Multiple Glass Singularities and Isodynamics in a Core-Softened Model for Glass-Forming Systems

We investigate the slow dynamics of a simple glass former whose interaction potential is the sum of a hard core and a square shoulder repulsion. According to mode coupling theory, the competition between the two repulsive length scales gives rise to a complex dynamic scenario: besides the fluid-glass line, the theory predicts a glass-glass line in the temperature-packing fraction plane with two end points. Interestingly, for critical values of the square-shoulder parameters, such end points can be accessed from the liquid phase. We verify, via extensive numerical simulations, the existence of both points through the observation of an unconventional subdiffusive/logarithmic dynamical behavior. Unexpectedly, we also discover that the simultaneous presence of two end points generates special loci in the state diagram along which the dynamics is identical at all length and time scales.

Figure 1

Schematic evolution of the MCT dynamic state diagram of the SS system for increasing values of the shoulder width $\mathrm{\Delta }$. (a) For small $\mathrm{\Delta }$, beside the fluid-glass line (solid line), a disconnected glass-glass line is predicted (dashed line), ending in two $A_3$ singularities (stars). (b) On increasing $\mathrm{\Delta }$, the glass-glass line merges with the fluid-glass line and an $A_4$ singularity appears when one of the two $A_3$ points meets the fluid-glass line (filled triangle). (c) At even larger $\mathrm{\Delta }$ also the second $A_3$ point eventually intersects the fluid-glass line generating a distinct $A_4$ singularity (filled triangle). The arrows in (b) and (c) indicate the paths followed to locate the $A_4$ singularities in the simulations.
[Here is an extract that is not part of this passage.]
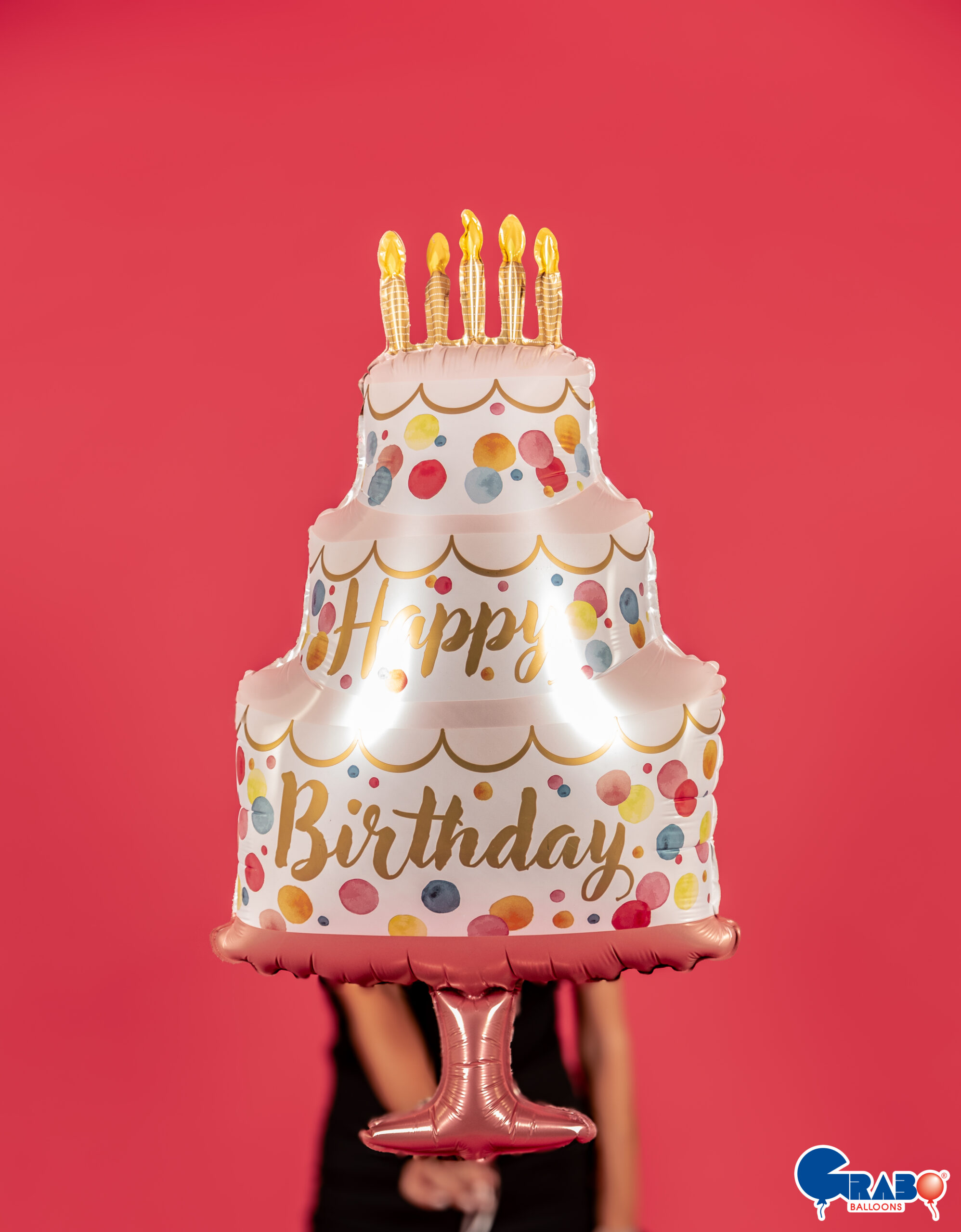 Μπαλόνι τούρτα γενεθλίων με μήνυμα Happy Birthday σε ροζ αποχρώσεις, για μια μοναδική διακόσμηση στο πάρτυ!

The vertical dashed lines indicate the glass transitions at high and low densities: while the former happens at the well-known hard sphere glass transition packing fraction ${\varphi }_g^{(1{)}_{\mathrm{HS}}}$, the latter takes place at ${\varphi }_g^{(2{)}_{\mathrm{HS}}}={\varphi }_g^{(1{)}_{\mathrm{HS}}}/(1+\mathrm{\Delta }{)}^3$.

Figure 2

Dynamical quantities close to the two singularities $A_4^{(1)}\equiv ({\varphi }^{*(1)}\simeq 0.6,T^{*(1)}\simeq 0.55,{\mathrm{\Delta }}^{*(1)}\simeq 0.21)$ and $A_4^{(2)}\equiv ({\varphi }^{*(2)}\simeq 0.4,T^{*(2)}\simeq 0.15,{\mathrm{\Delta }}^{*(2)}\simeq 0.24)$, along paths shown in Figs. 1 and 1, respectively. (a) $A$-particles MSD as a function of the scaled time $t_0$ for different $\varphi$ at $T^{*(1)}$, ${\mathrm{\Delta }}^{*(1)}$. The dashed line is a power law ($\propto t^{0.3}$) to highlight the subdiffusive regime. The inset shows the MSD for the $B$ species. (b) Collective density correlators of the $A$ species ${\mathrm{\Phi }}_q^{AA}(t)$ evaluated at $A_4^{(1)}$ for different wave vectors $q{\sigma }_{AA}$. The dotted vertical lines delimit the time window in which ${\mathrm{\Phi }}_q^{AA}(t)$ display a logarithmic behavior. Dashed lines are fits obtained by a second degree polynomial in $\ln (t)$. (c) ${\mathrm{\Phi }}_q^{AA}(t)$ at $T^{*(1)}$, ${\mathrm{\Delta }}^{*(1)}$ as a function of $\varphi$. (d) MSD for $A$ particles at ${\varphi }^{*(2)}$, ${\mathrm{\Delta }}^{*(2)}$ as function of the scaled time $t_0$ for different $T$. The subdiffusive regime is characterized by a power-law $\propto t^{0.37}$. Inset: MSD of $B$ particles. (e) The same as (b) but evaluated at $A_4^{(2)}$. Despite the interference of the fluid-glass line on the dynamics (see text), a long-time logarithmic behavior can be identified. (f) ${\mathrm{\Phi }}_{q^{*(2)}}^{AA}(t)$ at ${\varphi }^{*(2)}$, ${\mathrm{\Delta }}^{*(2)}$ as a function of $T$.

Figure 3

Dynamical properties for $\mathrm{\Delta }=0.17$ along three isodynamics lines with rescaled diffusivity $D/D_0=3.5\times 10^{-4}$ (orange symbols), $D/D_0=5.5\times 10^{-5}$ (red symbols), and $D/D_0=9.8\times 10^{-6}$ (magenta symbols). (a) MSD of the $A$ species along the isodynamics lines as a function of $t/t_0$. (b) Density correlator for the same sets of isodynamics points in (a) as a function of $t/t_0$. The inset shows the position of the iso-$D/D_0$ lines and of the expected fluid-glass line [43].

Figure 4

${\mathrm{\Phi }}_q^{AA}(t)$ along the iso-$D/D_0=5.5\times 10^{-5}$ line for $\mathrm{\Delta }=0.17$ at different wave vectors $q{\sigma }_{AA}$ for (a) isodynamics and (b) nonisodynamics state points. The inset shows the location of such points in the $T-\varphi$ diagram. Squares (stars) indicate isodynamics (nonisodynamics) points.